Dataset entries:
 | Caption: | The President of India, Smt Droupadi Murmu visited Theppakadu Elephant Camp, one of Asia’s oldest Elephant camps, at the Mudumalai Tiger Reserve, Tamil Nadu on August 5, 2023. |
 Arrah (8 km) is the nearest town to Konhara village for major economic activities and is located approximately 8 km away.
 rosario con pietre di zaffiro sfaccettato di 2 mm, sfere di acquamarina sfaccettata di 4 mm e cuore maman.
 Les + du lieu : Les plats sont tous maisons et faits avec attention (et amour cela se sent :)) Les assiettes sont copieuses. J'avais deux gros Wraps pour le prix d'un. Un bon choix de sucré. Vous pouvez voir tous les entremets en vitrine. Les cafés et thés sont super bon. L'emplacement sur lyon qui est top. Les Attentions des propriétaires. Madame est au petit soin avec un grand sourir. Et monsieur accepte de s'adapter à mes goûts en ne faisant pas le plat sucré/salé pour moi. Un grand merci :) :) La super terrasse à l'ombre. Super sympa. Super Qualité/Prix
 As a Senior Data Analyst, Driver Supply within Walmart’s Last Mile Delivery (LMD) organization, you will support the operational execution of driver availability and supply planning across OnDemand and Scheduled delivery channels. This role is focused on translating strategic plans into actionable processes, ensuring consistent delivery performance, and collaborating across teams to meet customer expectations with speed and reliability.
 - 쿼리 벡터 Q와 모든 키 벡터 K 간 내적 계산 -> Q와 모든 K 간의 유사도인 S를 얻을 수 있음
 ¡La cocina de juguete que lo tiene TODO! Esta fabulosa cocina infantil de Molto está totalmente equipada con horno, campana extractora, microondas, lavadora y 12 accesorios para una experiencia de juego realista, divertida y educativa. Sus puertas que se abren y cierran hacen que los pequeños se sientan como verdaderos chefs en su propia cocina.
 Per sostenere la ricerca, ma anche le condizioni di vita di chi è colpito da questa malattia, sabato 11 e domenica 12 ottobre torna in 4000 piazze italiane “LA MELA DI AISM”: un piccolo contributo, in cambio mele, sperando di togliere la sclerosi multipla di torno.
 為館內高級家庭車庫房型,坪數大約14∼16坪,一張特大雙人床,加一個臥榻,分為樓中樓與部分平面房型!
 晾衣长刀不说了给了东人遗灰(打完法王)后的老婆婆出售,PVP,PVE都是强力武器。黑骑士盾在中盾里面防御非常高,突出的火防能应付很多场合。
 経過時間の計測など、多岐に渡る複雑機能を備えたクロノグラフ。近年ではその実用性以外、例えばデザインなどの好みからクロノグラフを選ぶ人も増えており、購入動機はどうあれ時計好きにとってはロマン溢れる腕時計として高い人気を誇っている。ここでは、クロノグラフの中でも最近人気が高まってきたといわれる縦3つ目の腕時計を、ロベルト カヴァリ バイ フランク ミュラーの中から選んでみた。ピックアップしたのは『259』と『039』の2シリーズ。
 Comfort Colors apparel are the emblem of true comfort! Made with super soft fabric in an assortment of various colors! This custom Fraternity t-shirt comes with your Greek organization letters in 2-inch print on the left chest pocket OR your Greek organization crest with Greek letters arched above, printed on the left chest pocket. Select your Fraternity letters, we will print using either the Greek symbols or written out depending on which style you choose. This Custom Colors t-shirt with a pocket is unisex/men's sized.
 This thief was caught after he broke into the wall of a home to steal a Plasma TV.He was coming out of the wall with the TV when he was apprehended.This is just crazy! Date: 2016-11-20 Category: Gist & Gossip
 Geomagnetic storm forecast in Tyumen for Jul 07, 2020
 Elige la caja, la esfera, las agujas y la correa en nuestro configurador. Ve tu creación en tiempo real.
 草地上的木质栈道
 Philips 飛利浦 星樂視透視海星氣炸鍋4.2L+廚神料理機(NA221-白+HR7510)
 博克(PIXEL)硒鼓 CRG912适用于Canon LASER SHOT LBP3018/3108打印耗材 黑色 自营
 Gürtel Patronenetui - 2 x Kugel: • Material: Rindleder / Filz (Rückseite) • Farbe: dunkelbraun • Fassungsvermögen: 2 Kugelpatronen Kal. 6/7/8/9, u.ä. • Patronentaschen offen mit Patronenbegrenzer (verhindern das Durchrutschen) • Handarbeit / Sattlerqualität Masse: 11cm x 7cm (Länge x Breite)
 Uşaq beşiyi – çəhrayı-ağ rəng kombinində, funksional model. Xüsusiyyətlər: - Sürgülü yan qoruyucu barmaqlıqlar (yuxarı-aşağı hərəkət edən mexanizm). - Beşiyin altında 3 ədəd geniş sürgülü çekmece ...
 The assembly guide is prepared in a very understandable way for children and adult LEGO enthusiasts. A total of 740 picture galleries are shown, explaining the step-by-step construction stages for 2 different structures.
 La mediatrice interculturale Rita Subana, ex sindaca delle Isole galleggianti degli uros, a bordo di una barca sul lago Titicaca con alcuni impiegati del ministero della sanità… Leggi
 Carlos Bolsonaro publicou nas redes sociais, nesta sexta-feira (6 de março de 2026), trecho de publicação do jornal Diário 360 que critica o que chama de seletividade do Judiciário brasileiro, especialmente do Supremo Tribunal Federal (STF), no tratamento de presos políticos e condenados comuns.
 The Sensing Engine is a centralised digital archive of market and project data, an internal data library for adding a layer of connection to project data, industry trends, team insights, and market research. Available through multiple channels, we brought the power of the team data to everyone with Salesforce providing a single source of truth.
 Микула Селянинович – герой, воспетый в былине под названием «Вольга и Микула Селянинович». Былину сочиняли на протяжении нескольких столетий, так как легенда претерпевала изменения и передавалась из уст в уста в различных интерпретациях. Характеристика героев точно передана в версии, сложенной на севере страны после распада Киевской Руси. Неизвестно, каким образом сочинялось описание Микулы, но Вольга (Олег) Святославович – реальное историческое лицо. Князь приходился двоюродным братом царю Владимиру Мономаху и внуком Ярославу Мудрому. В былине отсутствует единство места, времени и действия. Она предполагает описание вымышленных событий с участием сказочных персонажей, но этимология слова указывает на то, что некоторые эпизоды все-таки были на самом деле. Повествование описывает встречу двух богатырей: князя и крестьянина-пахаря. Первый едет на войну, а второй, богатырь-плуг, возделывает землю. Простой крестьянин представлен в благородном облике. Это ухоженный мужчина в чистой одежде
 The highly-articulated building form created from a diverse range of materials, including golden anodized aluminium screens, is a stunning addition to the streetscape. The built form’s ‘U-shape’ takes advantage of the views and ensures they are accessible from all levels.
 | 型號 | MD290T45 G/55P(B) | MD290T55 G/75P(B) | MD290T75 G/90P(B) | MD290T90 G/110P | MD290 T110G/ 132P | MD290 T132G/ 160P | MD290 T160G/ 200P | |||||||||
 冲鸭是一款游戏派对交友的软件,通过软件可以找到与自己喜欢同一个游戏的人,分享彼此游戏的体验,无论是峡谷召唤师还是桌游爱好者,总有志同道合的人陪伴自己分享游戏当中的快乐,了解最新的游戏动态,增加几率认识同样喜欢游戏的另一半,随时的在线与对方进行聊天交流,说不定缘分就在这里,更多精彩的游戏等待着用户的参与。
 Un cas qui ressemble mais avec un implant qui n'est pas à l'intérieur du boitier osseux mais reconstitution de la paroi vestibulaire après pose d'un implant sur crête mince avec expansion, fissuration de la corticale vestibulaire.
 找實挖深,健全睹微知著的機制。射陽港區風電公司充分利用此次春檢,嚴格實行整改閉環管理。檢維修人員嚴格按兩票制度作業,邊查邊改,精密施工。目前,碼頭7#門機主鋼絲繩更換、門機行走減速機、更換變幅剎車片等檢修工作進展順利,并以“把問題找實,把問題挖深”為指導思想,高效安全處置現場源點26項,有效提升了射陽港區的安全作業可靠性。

# TASK OBJECTIVE
What is needed is a verbatim copy of every line in the records above from the one containing "This thief was" down to the one containing "Uşaq beşiyi –", both included, and nothing more.

# TASK OUTPUT
 This thief was caught after he broke into the wall of a home to steal a Plasma TV.He was coming out of the wall with the TV when he was apprehended.This is just crazy! Date: 2016-11-20 Category: Gist & Gossip
 Geomagnetic storm forecast in Tyumen for Jul 07, 2020
 Elige la caja, la esfera, las agujas y la correa en nuestro configurador. Ve tu creación en tiempo real.
 草地上的木质栈道
 Philips 飛利浦 星樂視透視海星氣炸鍋4.2L+廚神料理機(NA221-白+HR7510)
 博克(PIXEL)硒鼓 CRG912适用于Canon LASER SHOT LBP3018/3108打印耗材 黑色 自营
 Gürtel Patronenetui - 2 x Kugel: • Material: Rindleder / Filz (Rückseite) • Farbe: dunkelbraun • Fassungsvermögen: 2 Kugelpatronen Kal. 6/7/8/9, u.ä. • Patronentaschen offen mit Patronenbegrenzer (verhindern das Durchrutschen) • Handarbeit / Sattlerqualität Masse: 11cm x 7cm (Länge x Breite)
 Uşaq beşiyi – çəhrayı-ağ rəng kombinində, funksional model. Xüsusiyyətlər: - Sürgülü yan qoruyucu barmaqlıqlar (yuxarı-aşağı hərəkət edən mexanizm). - Beşiyin altında 3 ədəd geniş sürgülü çekmece ...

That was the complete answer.